Memory Layer for AI Agents

PLUS: Opensource OpenAI o1, OCR with Llama 3.2 vision in 4 lines of code

Today’s top AI Highlights:

  1. Build AI agents with memory that learn continuously from user interaction

  2. Opensource implementation of OpenAI o1 reasoning architecture

  3. PhD-level o1-preview goes rookie in this new Math benchmark

  4. Download LLMs from Hugging Face with one simple command using LM Studio CLI tool

  5. Set up OCR with Llama 3.2 vision in just 4 lines of code

& so much more!

Read time: 3 mins

AI Tutorials

xAI API is finally here with the new grok-beta model. This model comes with 128k token context and function calling support. Till 2024 end, you even have $25 free credit per month!

We just couldn’t resist building something with this model so here it is! We are building an AI Finance Agent that provide current stock prices, fundamental data, analyst recommendations for stocks, and search for the latest news of a company to give a holistic picture.

It uses:

  • xAI's Grok for analyzing and summarizing information

  • Phidata for agent orchestration

  • YFinance for real-time stock data from

  • DuckDuckGo for web search

We share hands-on tutorials like this 2-3 times a week, designed to help you stay ahead in the world of AI. If you're serious about levelling up your AI skills and staying ahead of the curve, subscribe now and be the first to access our latest tutorials.

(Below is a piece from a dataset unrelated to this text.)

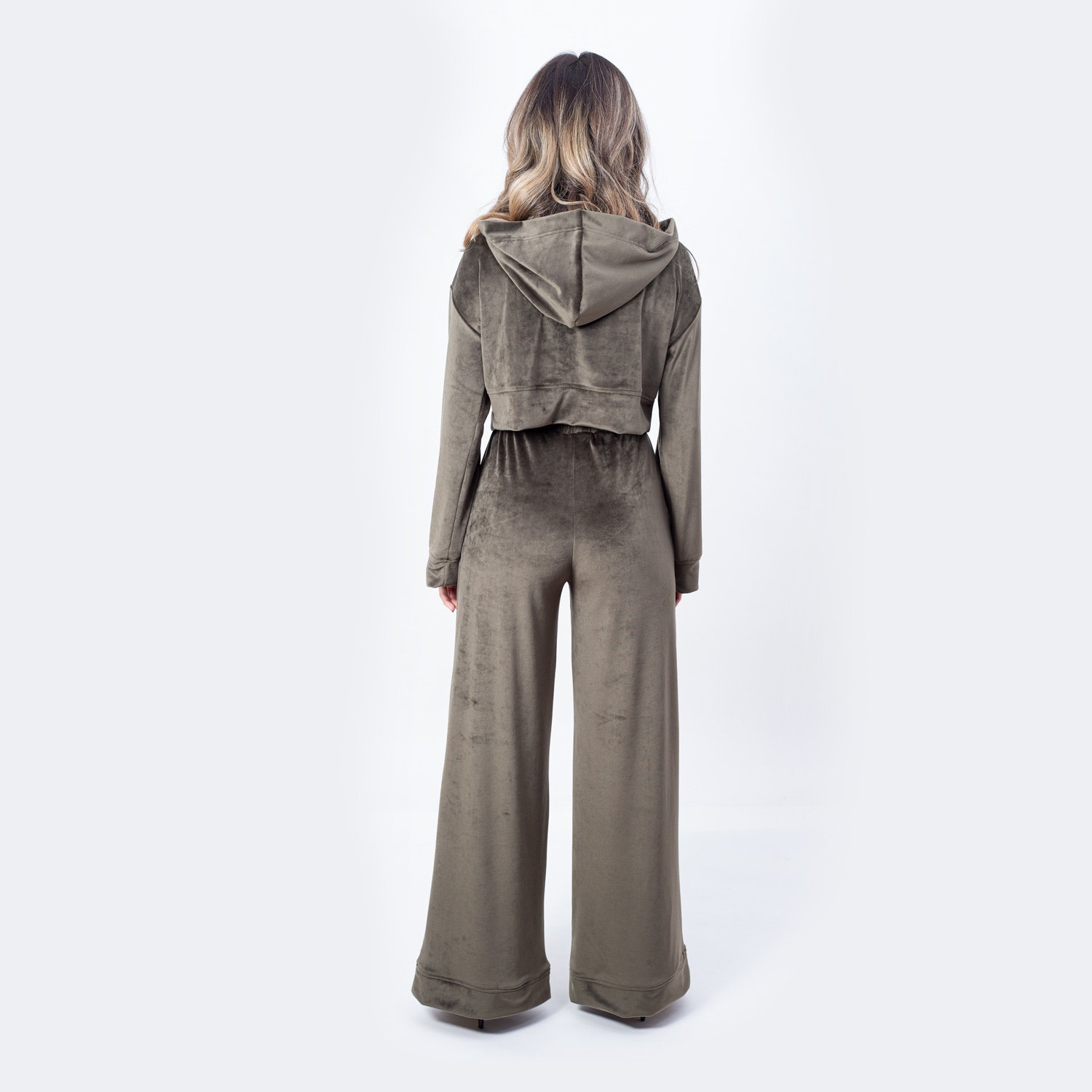 Compleul “SEAWEED COLOR “ este format din doua piese: pantaloni evazati si bluza tip “crop top” cu gluga.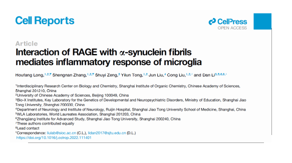 2022年9月20日,中国科学院上海有机化学研究所交叉中心的刘聪研究员团队与上海交通大学Bio-X研究院李丹教授团队合作在Cell Press细胞出版社期刊Cell Reports上发表了一篇题为 “Interaction of RAGE with α-synuclein fibrils mediates inflammatory response of microglia”的研究论文。该研究发现α-syn病理性纤维通过直接结合小胶质细胞表面的RAGE受体来诱导细胞炎症反应,揭示RAGE识别α-syn病理性纤维的分子机制。该工作为通过抑制神经炎症来治疗PD提供潜在的新靶点。

Don’t forget to share this newsletter on your social channels and tag Unwind AI (X, LinkedIn, Threads, Facebook) to support us!

Latest Developments

Zep is a memory layer for AI assistants and agents. With Zep, you can build AI agents that continually learn from user interactions. The opensource framework stores chat history, extracts important facts, and keeps track of how information changes - all through a knowledge graph that you can query using simple API calls.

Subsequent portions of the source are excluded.